» **TASK REQUIREMENTS**:
Leave out the images; return the rest of the data exactly.
########################################
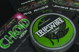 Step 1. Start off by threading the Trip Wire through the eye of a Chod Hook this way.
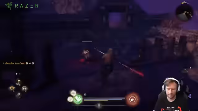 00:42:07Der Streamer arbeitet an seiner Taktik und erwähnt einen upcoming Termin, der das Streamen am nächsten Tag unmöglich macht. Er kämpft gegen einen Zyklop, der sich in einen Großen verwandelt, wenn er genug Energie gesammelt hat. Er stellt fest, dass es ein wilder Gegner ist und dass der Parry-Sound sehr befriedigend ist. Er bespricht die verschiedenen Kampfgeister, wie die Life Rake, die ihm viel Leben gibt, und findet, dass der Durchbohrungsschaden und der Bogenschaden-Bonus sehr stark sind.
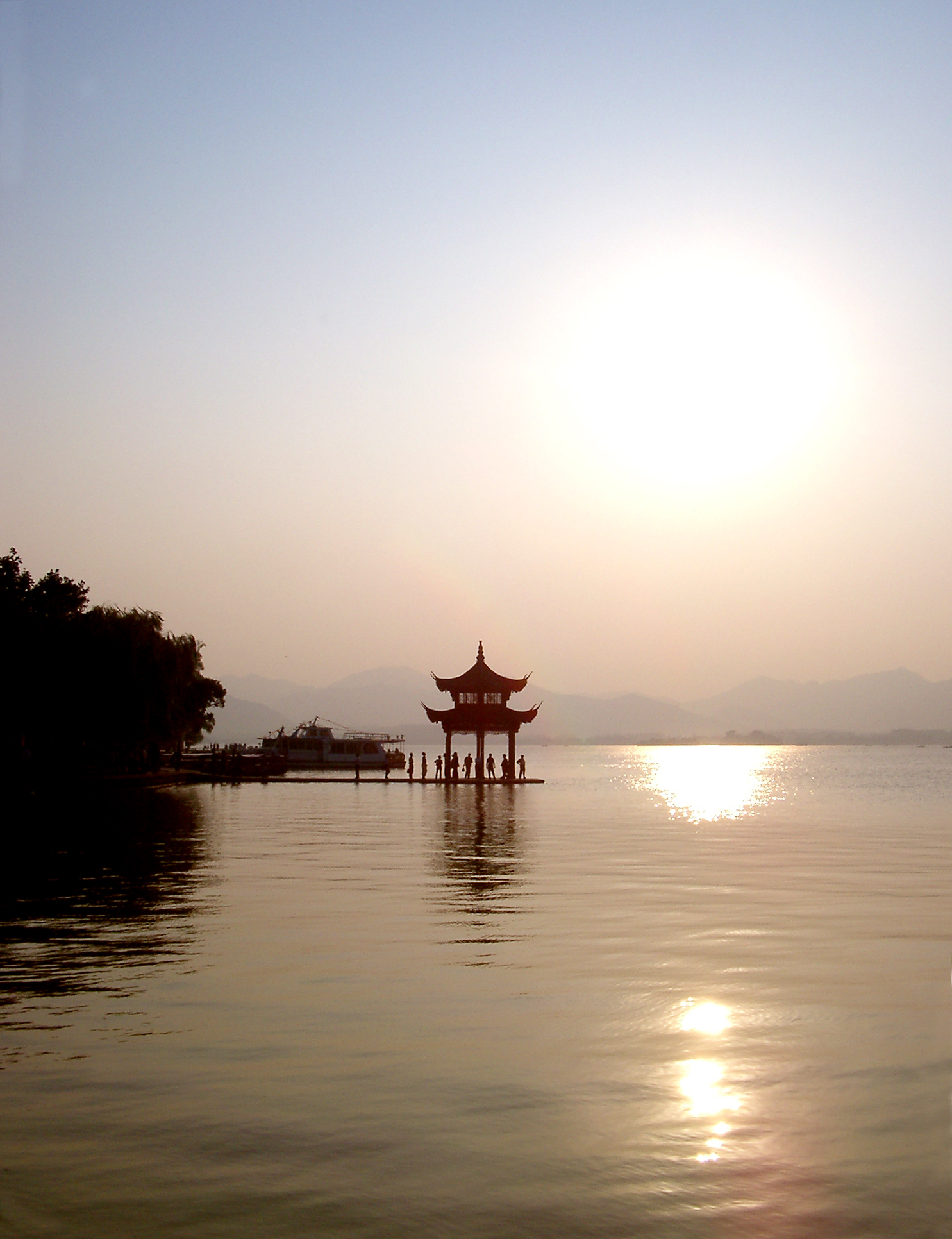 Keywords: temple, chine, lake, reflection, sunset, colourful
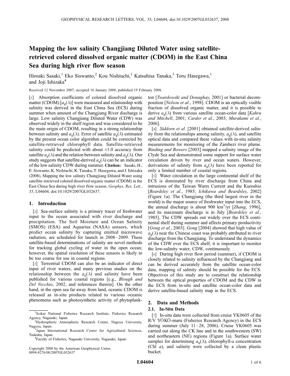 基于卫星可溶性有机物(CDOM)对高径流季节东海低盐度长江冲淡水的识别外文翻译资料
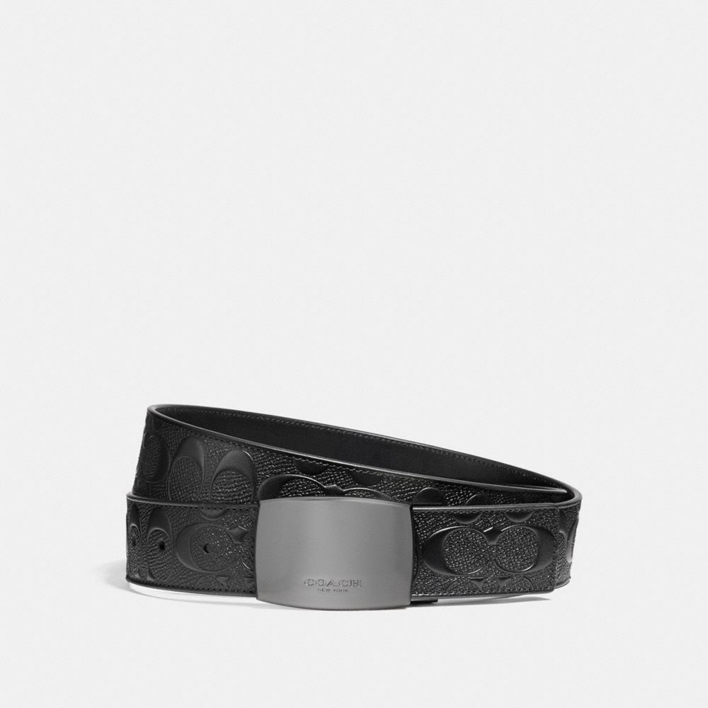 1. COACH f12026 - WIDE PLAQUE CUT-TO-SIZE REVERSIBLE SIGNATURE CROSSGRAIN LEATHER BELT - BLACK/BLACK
########################################
» **FINISHED EXERCISE**:
 Step 1. Start off by threading the Trip Wire through the eye of a Chod Hook this way.
 00:42:07Der Streamer arbeitet an seiner Taktik und erwähnt einen upcoming Termin, der das Streamen am nächsten Tag unmöglich macht. Er kämpft gegen einen Zyklop, der sich in einen Großen verwandelt, wenn er genug Energie gesammelt hat. Er stellt fest, dass es ein wilder Gegner ist und dass der Parry-Sound sehr befriedigend ist. Er bespricht die verschiedenen Kampfgeister, wie die Life Rake, die ihm viel Leben gibt, und findet, dass der Durchbohrungsschaden und der Bogenschaden-Bonus sehr stark sind.
 Keywords: temple, chine, lake, reflection, sunset, colourful
 基于卫星可溶性有机物(CDOM)对高径流季节东海低盐度长江冲淡水的识别外文翻译资料
 1. COACH f12026 - WIDE PLAQUE CUT-TO-SIZE REVERSIBLE SIGNATURE CROSSGRAIN LEATHER BELT - BLACK/BLACK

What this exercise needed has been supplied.